The second guest of our Another Angle series on carbon credits is Dr Injy Johnstone – a prominent expert in climate law and a Research Fellow at the University of Oxford. A key figure behind the Oxford principles, she is helping transition the carbon market away from avoidance-based credits toward permanent carbon removal.
From defining the international standards of carbon market to navigating the corporate net-zero claims, Dr Injy’s rigorous legal perspective anchors the financial and infrastructural sides of our series in a real-world accountability.
Your work focuses on The Oxford Offsetting Principles – a global benchmark that tells companies to stop just paying for not polluting and start prioritising carbon removal projects (like soil sequestration). Why is this shift so important?

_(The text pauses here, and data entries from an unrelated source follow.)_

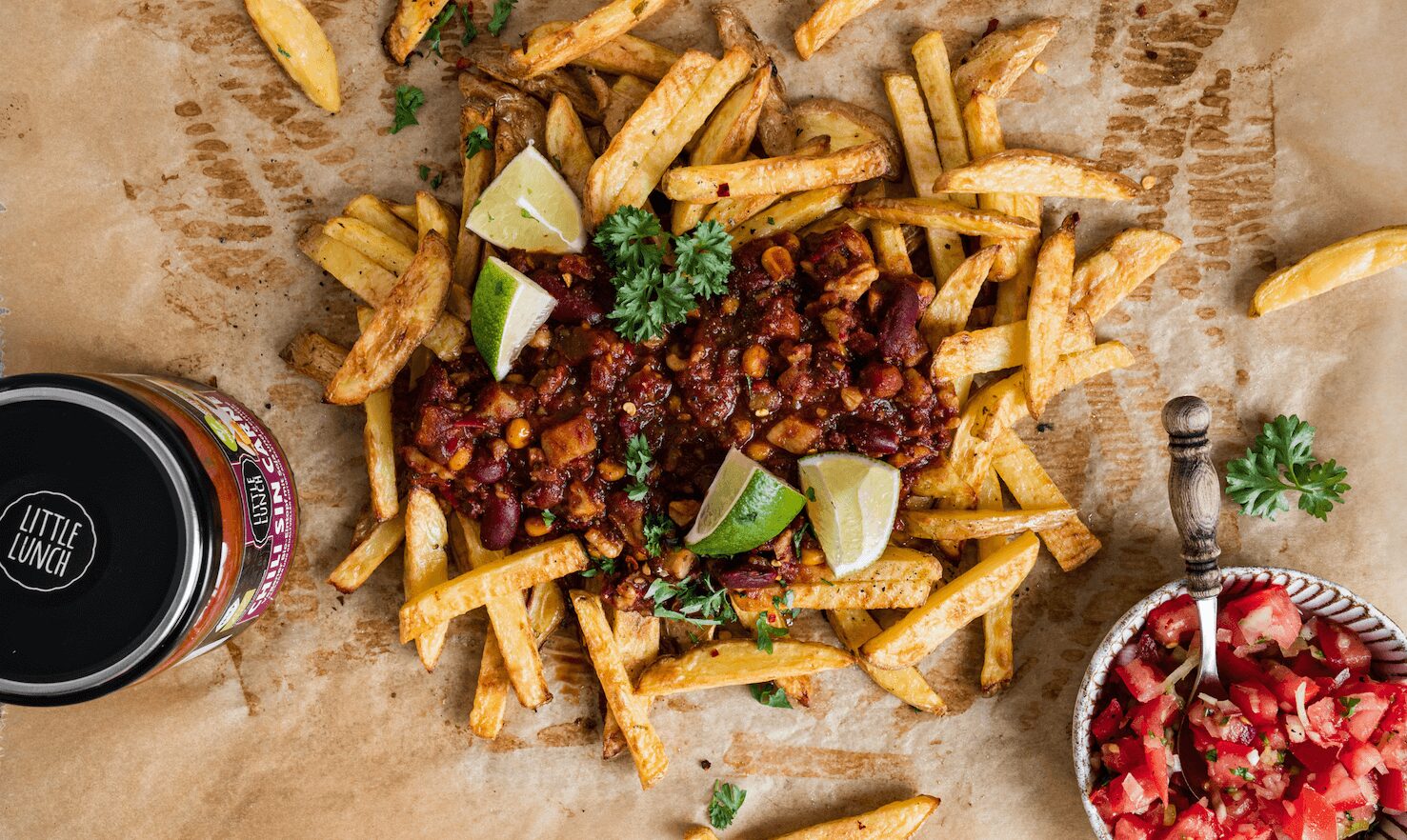 Wir mögen es scharf! Und noch mehr stehen auf selbstgemachte Pommes kombiniert mit unserem Chili sin Carne 😍 Dieses vegane Rezept mit dem mexikanischen Klassiker (ohne Fleisch), knusprigen Fries und einer erfrischenden Tomaten-Salsa lädt zu einem gemütlichen Snack-Abend mit Freunden ein. Wir zeigen euch wie die perfekten Fries im Ofen gelingen und warum ihr sie in Zukunft unbedingt mit einem feurigen Dip genießen solltet. Einfach, vegan und mit POMMES POMMES POMMES!
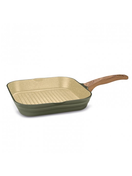 - Αντιολισθητική λαβή βακελίτη με “soft touch” όψη ξύλου, για σταθερό κράτημα και άνετο μαγείρεμα
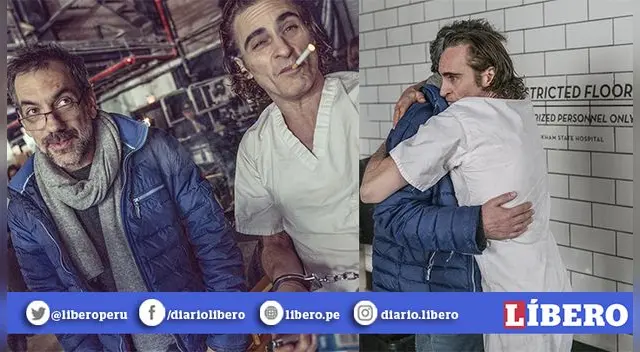 En las instantáneas se logra ver al actor Joaquin Phoenix en una de las últimas escenas de la película. Se le ve con bata y abrazando a su guía en el sacrificado proceso de interpretar a Joker.
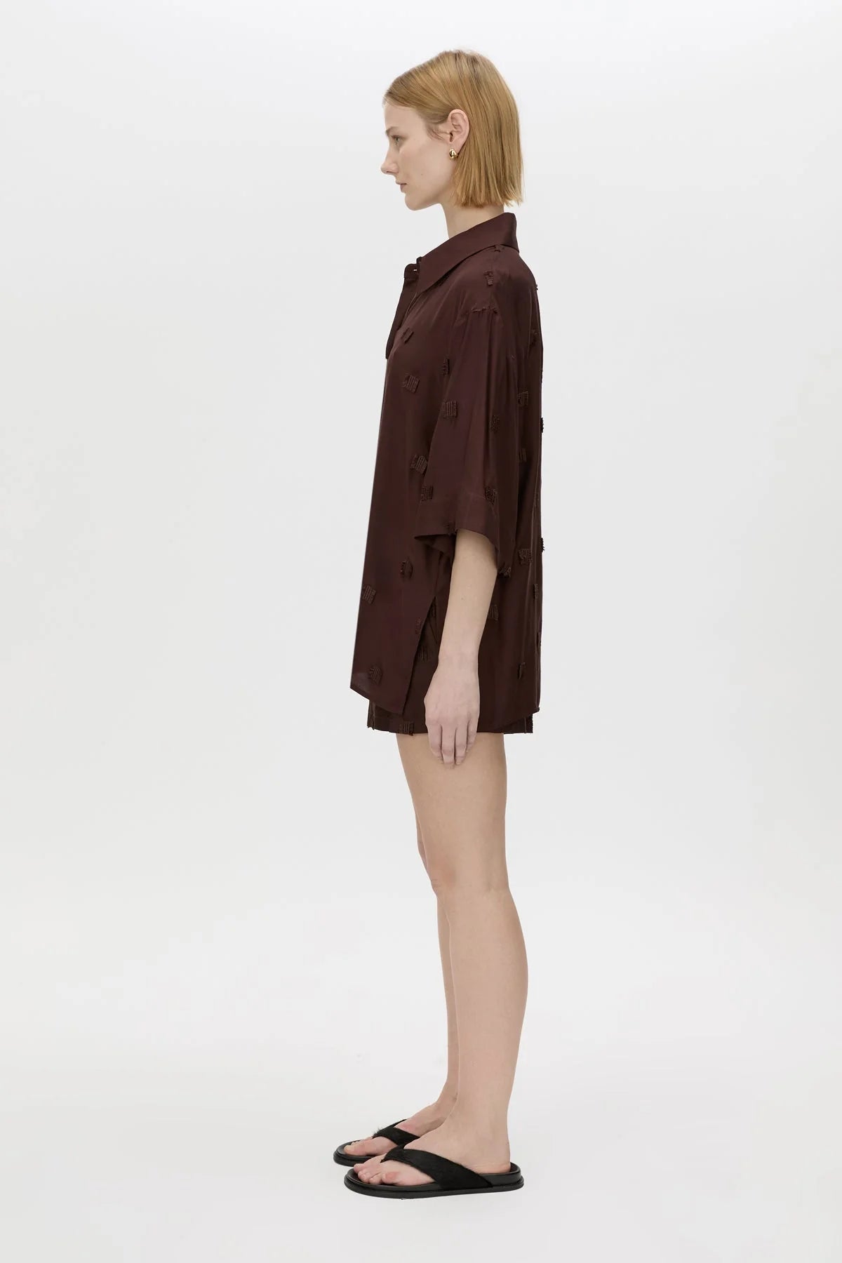 CAMILLA AND MARC Ottilie 2.0 Embroidered Short in Chocolate Brown.
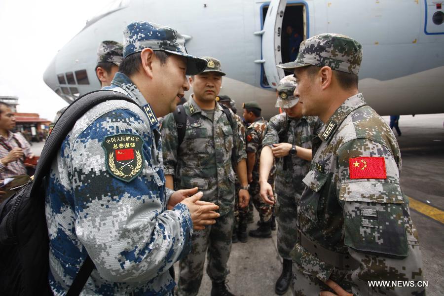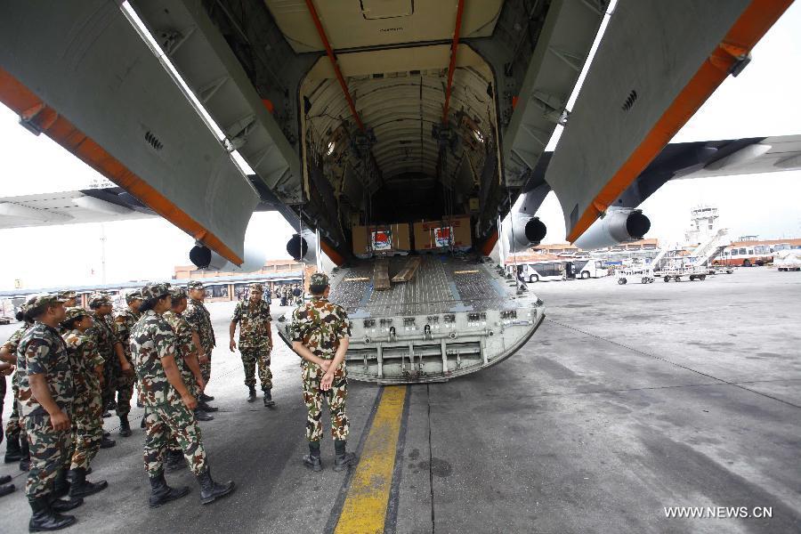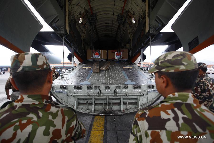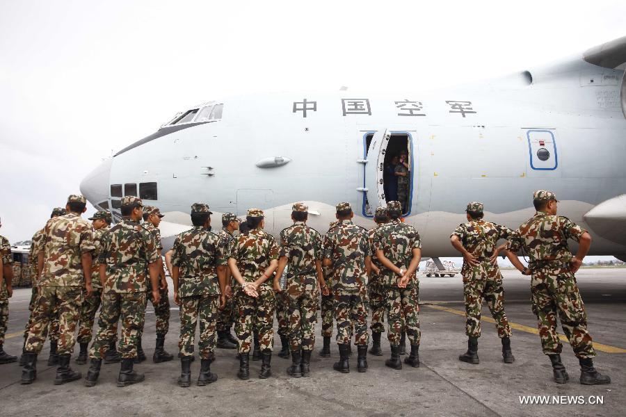 The first military plane carrying aid materials from the Chinese government has arrived in Kathmandu, Nepal's capital. The aid is part of 186 tons of aid pledged by China and includes tents, blankets and electric generators, which will be sent to Nepal in batches. The Chinese Foreign Ministry says 170 people from the military are also in Kathmandu to join the relief efforts and more will arrive. (Photo: Xinhua/Pratap Thapa)

Climate science tells us that for any chance to keep warming below two degrees, we need to ensure that we pursue any and all possible emission reductions. At the same time, we know that there will be emissions that will still exist at net zero which are unbeatable. In fact, as we show in the State of Carbon Dioxide Removal report, we likely need 7-9 billion tCO2e of removals by mid-century up from 2 billion today. Building a carbon removal industry on the required scale comparable to today’s global energy industry is no mean feat. It requires not only careful research and innovation but critically also investment in order to build the necessary scale. Starting yesterday is our only option. Every dollar invested in building out this future public good is not only best practice offsetting today, but also a smart investment against future compliance obligations.

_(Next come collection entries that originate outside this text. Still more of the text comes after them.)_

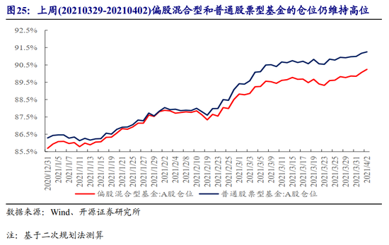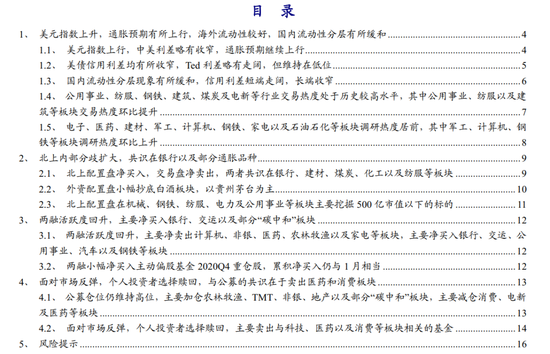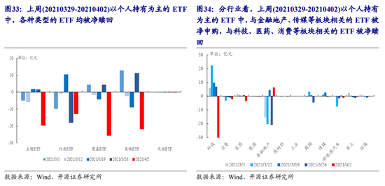 上周(20210329-20210402)偏股混合型/普通股票型基金的仓位仍维持高位,主要加仓农林牧渔、有色、TMT、非银、钢铁、军工、交运、地产以及煤炭等板块,主要减仓家电、电新、消费者服务、食品饮料以及医药等板块。上周货币型ETF被小幅净申购,这意味着上周货币型基金整体可能仍被净申购,同时近期7天理财预期收益率相对于货基收益率下行,且上周以个人持有为主的股票ETF被持续净赎回,这意味着货基可能同时吸纳了来自7天理财和偏股基金的赎回资金。随着市场反弹,个人投资者选择赎回,“负反馈”正在发生。分行业看,在以个人持有为主的ETF中,与金融地产、传媒相关的ETF被净申购,与科技、医药以及消费等板块相关的ETF被净赎回,这意味着上周反弹较多的科技、医药、消费板块的“抛压”可能较大。结合主动基金在上周的加仓行为来看:TMT是公募主要加仓板块,而以个人持有为主的ETF中,与科技板块相关的ETF被较大幅度净赎回,公募与其负债端(个人)的分歧在扩大,公募与其负债端(个人投资者)的共识在于卖出医药和消费板块。结合相对稳定的北上配置盘来看:公募与其主要对手盘(北上)的分歧仍较大,但在部分TMT以及部分“碳中和”板块的共识在深化。此外,主动偏股公募依旧选择减仓银行板块,而北上配置盘仍在“坚定”买入。以北上交易盘和两融为代表的趋势交易者则均表达了对银行和部分“碳中和”板块的认可,这意味着当下市场在“碳中和”板块上的共识正在深化。
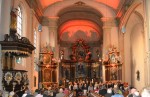 Im wunderbaren Ambiente der Pfarrkirche Mariä Himmelfahrt präsentierte sich der Gospelchor "Rise Up" unter dem Dirigat ihrer Chorleiterin Birgit Keil, in absoluter Hochform und begeisterte viele Zuschauer mit vorwiegend englischen Pop - und Gospelsongs. Die Auswahl der Songs berührte die Zuschauer in dem prunkvollen Kirchenschiff von Beginn an und erzeugte Festivalatmosphäre, die durch die Lebhaftigkeit und ausdrucksvollen Interpretationen bereits während des Konzerts großen Beifall erzeugte und am Ende des Konzerts sogar Zugaberufe durch die Kirche hallten. "Come let us Sing", "Let´s praise the Lord" waren der Gospelmusik gewidmet, während "Let´s get loud" von Jennifer Lopez und "Put a little love in your heart" eher dem Rock zuzuordnen waren. Aus dem Film "König der Löwen" erzeugte "Rise Up" Gänsehautmomente mit den Hits von Sir Elton John "Circle of Life" und "Can you feel the love tonight". Sehr berührend und mit großer Hingabe gesungen, gefiel die Interpretation von "Halleluja" aus dem Film "Shrek". Mit "Blessed be Your Name" fand das Konzert einen krönenden Abschluss, denn dieser Song riss alle Zuschauer mit, die sich von ihren Sitzen erhoben und laut klatschend eine super Stimmung erzeugten.
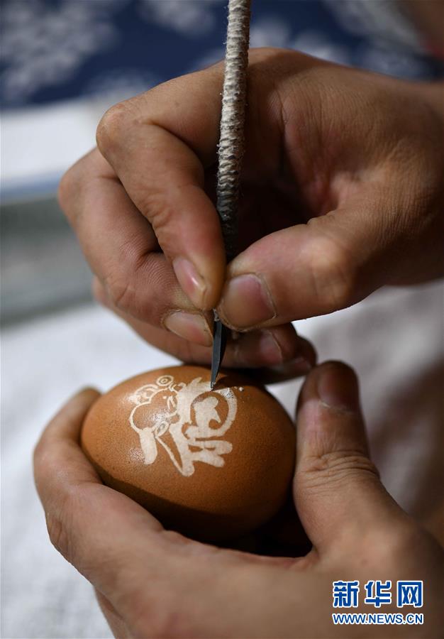 4月17日,在石家庄市桥西区非遗传承基地,民间艺人张晓贺在挑选鸡蛋。新华社发(陈其保 摄)
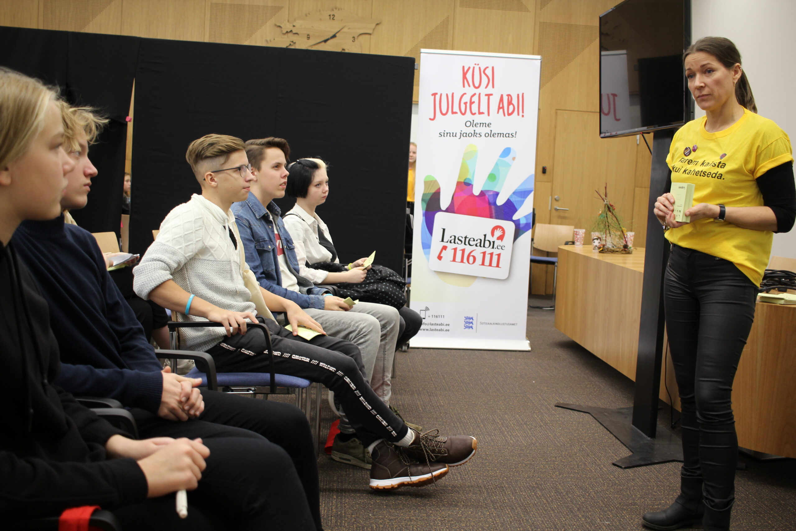 Õpilaselt õpilasele. Õpilasesinduste liidu juhatuse liige Joosep Kään viis noortekonverentsil läbi kiusamisvastase koolituse.
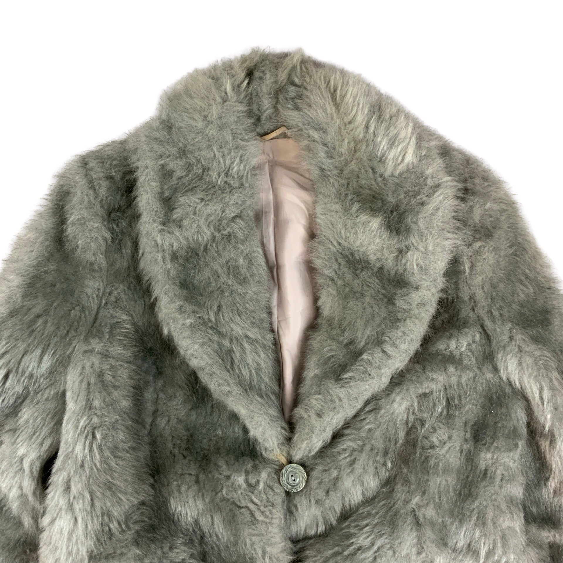 Vintage Y2K faux fur jacket in light and dark greys. Shawl collar, marble effect button fastening. Pockets, fully lined in grey pink.

From a legal side, what are the biggest risks for companies when they buy cheap or low-quality carbon credits, and how can they make sure their net zero claims are actually grounded in high-quality assets?
Companies face immense risks when investing in low-quality credits, though the fallout depends on the use case. If credits are retired for compliance, a company risks breaching legal schemes and being forced to pay remedial action and/or fines. However, in the world of net zero targets, reputational damage is much more common. Climate harms also occur – especially when carbon credits are bought to offset against emissions that may have otherwise not occurred. Ultimately, we have to ask: has this action raised our climate ambition or undermined it?

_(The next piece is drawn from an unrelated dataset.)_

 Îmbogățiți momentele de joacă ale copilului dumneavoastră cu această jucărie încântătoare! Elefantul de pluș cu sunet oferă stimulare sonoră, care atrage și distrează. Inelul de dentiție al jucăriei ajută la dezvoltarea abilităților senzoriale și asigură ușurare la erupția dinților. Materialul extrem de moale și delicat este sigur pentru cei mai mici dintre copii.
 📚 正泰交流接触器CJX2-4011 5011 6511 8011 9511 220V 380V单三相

Fortunately there are very many steps that companies can take to help reduce this risk. It starts with the mitigation hierarchy: ensuring that carbon credits supplement – rather than replace – internal action as defined by the SBTi and Race to Zero. This makes internal decarbonisation a prerequisite; you can’t just buy your way out of the problem without doing the internal work first. Next, companies can do their homework on how to apply the Oxford Principles for Net Zero Aligned Carbon Offsetting. This means double-checking that every credit they buy represents a real, new reduction in CO₂ (additionality) and that the carbon will stay stored for the long term (permanence). Carbon credit rating agencies and carbon insurers can also help inform the risks associated with this. As the technology behind emissions reductions and removals is also constantly evolving, companies must always keep their offsetting strategies under review to ensure that they are still staying true to a truly net zero aligned course.
Right now, the voluntary market is much less regulated than official systems like the EU ETS. The price of carbon is high in some markets and low in others. What needs to happen so that a tonne of carbon has the same recognised value everywhere, whether it’s regulated by a government or bought voluntarily?
Carbon exists at different prices because the cost of different interventions behind the carbon credits – such as avoidance, reduction or removal – is vastly different.
Opportunities for mitigation projects vary significantly around the world, and we must understand that removals and reductions impact the atmosphere differently when it comes to reducing warming. In the future, durable carbon removal might allow for a stable price per ton of CO₂ but for now we must pursue every possible way to cut emissions at their actual cost in each region. This could result in a wide range – from energy efficiency projects that actually save money for every ton of carbon mitigated to pioneering removal technologies that can cost well over $1,000 per ton.
That is why it is vital for companies to map where their own opportunities sit on this price spectrum and what they can do to catalyse mitigation from that price point – whether through cutting their internal emissions, external investments or a combination of both (as recommended in the Oxford Principles for Net Zero Aligned Carbon Offsetting).